My question is, can we bound $\| f\|_1$ using some term of $\| \hat f\|_1$, like $$\| f\|_1 \leq C \|\hat f\|_1$$Here $\| \cdot \|_1$ is the L1 norm, i.e. $\|f\|_1 = \int_{\mathbb R^d} |f|$.
If not, can we have a weaker result: there exists a small positive $\epsilon$, s.t. if $\| \hat f\|_1\leq \epsilon$, then $$\|f\|_1 \leq C \epsilon.$$ I think it might be true since when $\epsilon = 0$, the statement holds.
The map $\hat{f} \mapsto f$ is linear so the two things you asked for are equivalent. (A linear map is bounded if and only if it's continuous at zero.)

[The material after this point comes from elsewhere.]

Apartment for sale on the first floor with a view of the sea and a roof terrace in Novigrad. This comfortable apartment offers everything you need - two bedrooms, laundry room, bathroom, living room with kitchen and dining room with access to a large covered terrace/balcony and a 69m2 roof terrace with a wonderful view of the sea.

The bound $\|f\|_{1} \leq C \|\hat{f}\|_{1}$ can't be true. First, notice that this is true if and only if we have $\|\hat{g}\|_{1} \leq C \|g\|_{1}$ for Schwartz $g$. The reason is $\check{f}$ equals $\hat{f}$ up to a reflection (which leaves the $L^{1}$ norm unchanged), and $f \mapsto \hat{f}$ is a bijection on the Schwartz space. ($\check{f}$ is the inverse Fourier transform.)

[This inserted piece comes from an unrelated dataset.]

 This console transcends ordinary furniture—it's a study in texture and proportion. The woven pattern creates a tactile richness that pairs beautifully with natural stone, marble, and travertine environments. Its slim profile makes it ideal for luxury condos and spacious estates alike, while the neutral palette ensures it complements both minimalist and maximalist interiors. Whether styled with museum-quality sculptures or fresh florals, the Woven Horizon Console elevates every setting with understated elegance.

Now the problem is we can't have a bound like $\|\hat{g}\|_{1} \leq C \|g\|_{1}$ --- even assuming it only holds in the Schwartz space. To see this, observe that if we take $g_{\epsilon}(x) = (2 \pi \epsilon)^{-\frac{d}{2}} \exp(-\|x\|^{2}/2\epsilon)$, which is a Schwartz function, then $\|g_{\epsilon}\|_{1} = 1$ while $\hat{g}_{\epsilon}(\xi) = \exp(- 2 \epsilon \|\xi\|^{2})$ and $\|\hat{g}_{\epsilon}\|_{L^{1}(\mathbb{R}^{d})} \to \infty$ as $\epsilon \to 0^{+}$.